[Start of Attachment]

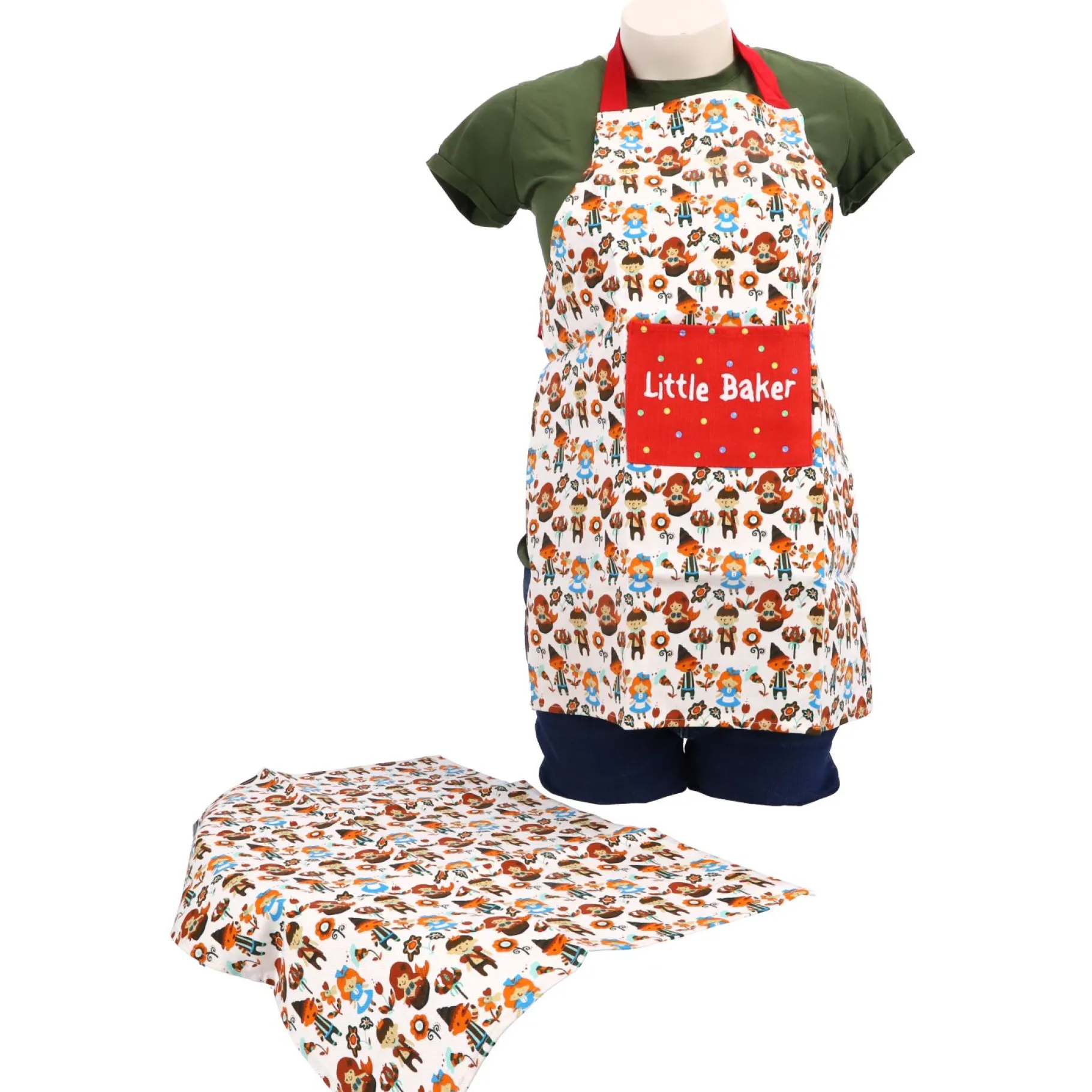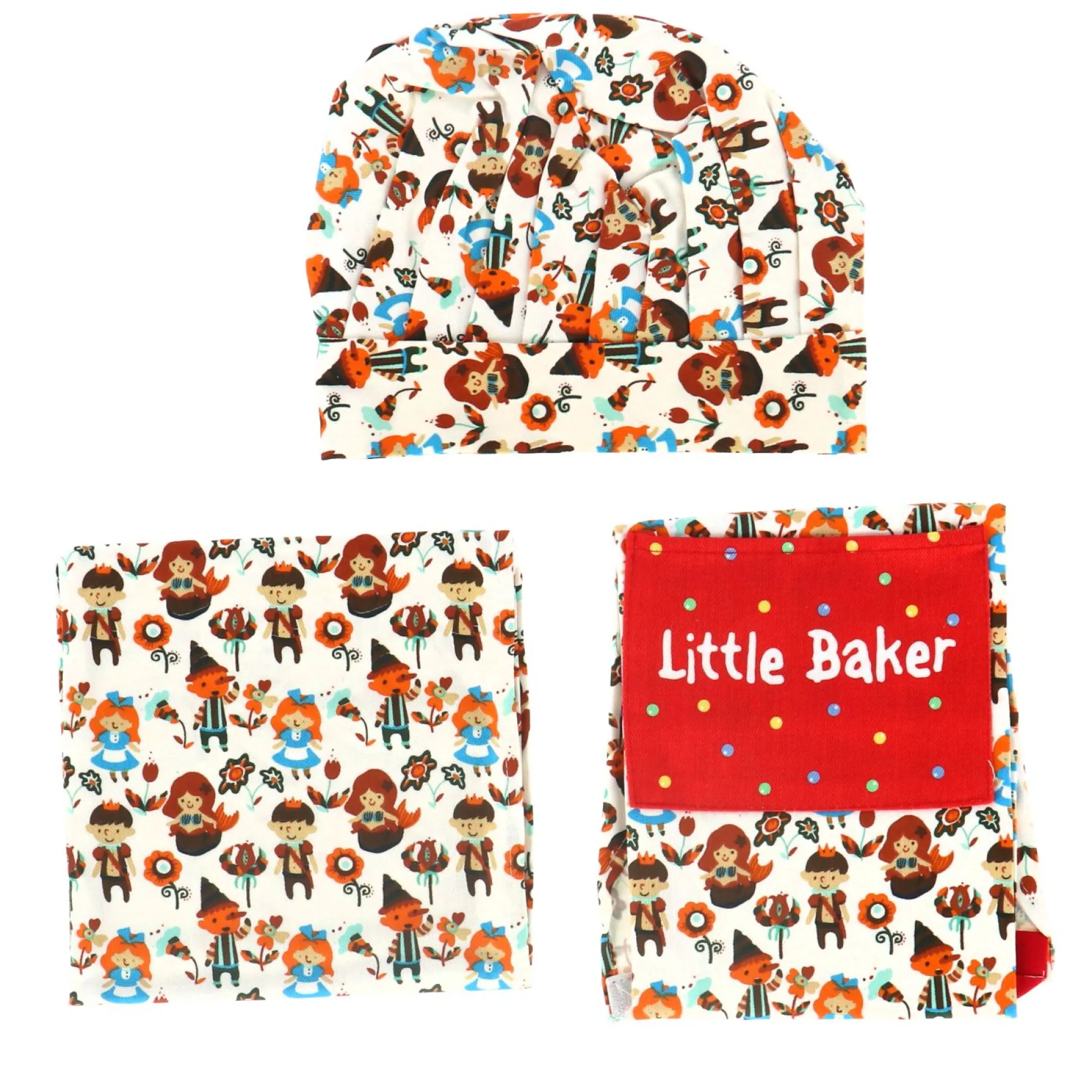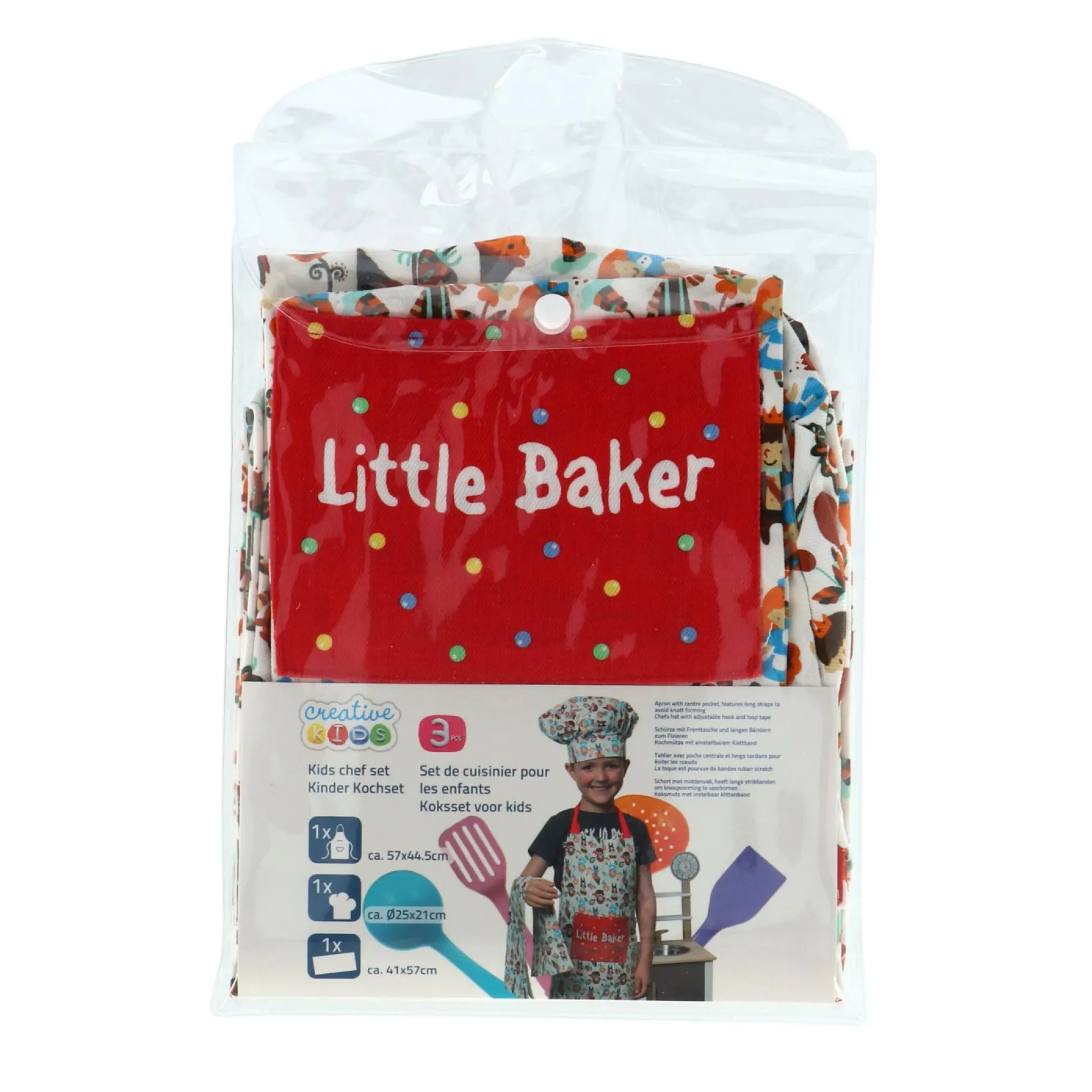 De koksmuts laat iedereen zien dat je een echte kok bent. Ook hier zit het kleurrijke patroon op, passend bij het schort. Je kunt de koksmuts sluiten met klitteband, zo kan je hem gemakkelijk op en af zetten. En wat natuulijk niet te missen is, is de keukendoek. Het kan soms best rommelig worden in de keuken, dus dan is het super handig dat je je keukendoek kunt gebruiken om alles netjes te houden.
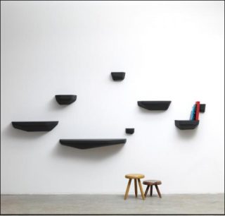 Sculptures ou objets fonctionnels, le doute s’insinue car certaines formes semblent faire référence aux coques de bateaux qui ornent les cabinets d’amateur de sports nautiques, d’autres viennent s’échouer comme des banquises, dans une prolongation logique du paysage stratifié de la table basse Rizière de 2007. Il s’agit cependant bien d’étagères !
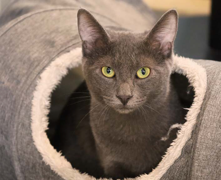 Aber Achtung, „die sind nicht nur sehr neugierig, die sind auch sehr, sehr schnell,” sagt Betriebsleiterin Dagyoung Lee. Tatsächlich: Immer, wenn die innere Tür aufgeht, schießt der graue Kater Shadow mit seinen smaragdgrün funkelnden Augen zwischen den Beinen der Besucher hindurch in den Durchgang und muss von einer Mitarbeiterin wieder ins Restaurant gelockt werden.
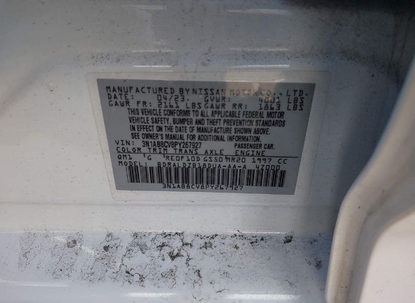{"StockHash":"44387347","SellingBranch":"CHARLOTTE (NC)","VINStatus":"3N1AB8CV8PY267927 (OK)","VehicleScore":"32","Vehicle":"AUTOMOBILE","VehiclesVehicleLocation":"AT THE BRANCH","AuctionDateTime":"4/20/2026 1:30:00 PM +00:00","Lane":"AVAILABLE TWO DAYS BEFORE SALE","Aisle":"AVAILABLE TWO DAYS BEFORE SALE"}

[End of Attachment]

- [WHAT THIS TASK INVOLVES]:
Print all the lines above again exactly, without any pictures.

- [FINAL ANSWER]:
 De koksmuts laat iedereen zien dat je een echte kok bent. Ook hier zit het kleurrijke patroon op, passend bij het schort. Je kunt de koksmuts sluiten met klitteband, zo kan je hem gemakkelijk op en af zetten. En wat natuulijk niet te missen is, is de keukendoek. Het kan soms best rommelig worden in de keuken, dus dan is het super handig dat je je keukendoek kunt gebruiken om alles netjes te houden.
 Sculptures ou objets fonctionnels, le doute s’insinue car certaines formes semblent faire référence aux coques de bateaux qui ornent les cabinets d’amateur de sports nautiques, d’autres viennent s’échouer comme des banquises, dans une prolongation logique du paysage stratifié de la table basse Rizière de 2007. Il s’agit cependant bien d’étagères !
 Aber Achtung, „die sind nicht nur sehr neugierig, die sind auch sehr, sehr schnell,” sagt Betriebsleiterin Dagyoung Lee. Tatsächlich: Immer, wenn die innere Tür aufgeht, schießt der graue Kater Shadow mit seinen smaragdgrün funkelnden Augen zwischen den Beinen der Besucher hindurch in den Durchgang und muss von einer Mitarbeiterin wieder ins Restaurant gelockt werden.
{"StockHash":"44387347","SellingBranch":"CHARLOTTE (NC)","VINStatus":"3N1AB8CV8PY267927 (OK)","VehicleScore":"32","Vehicle":"AUTOMOBILE","VehiclesVehicleLocation":"AT THE BRANCH","AuctionDateTime":"4/20/2026 1:30:00 PM +00:00","Lane":"AVAILABLE TWO DAYS BEFORE SALE","Aisle":"AVAILABLE TWO DAYS BEFORE SALE"}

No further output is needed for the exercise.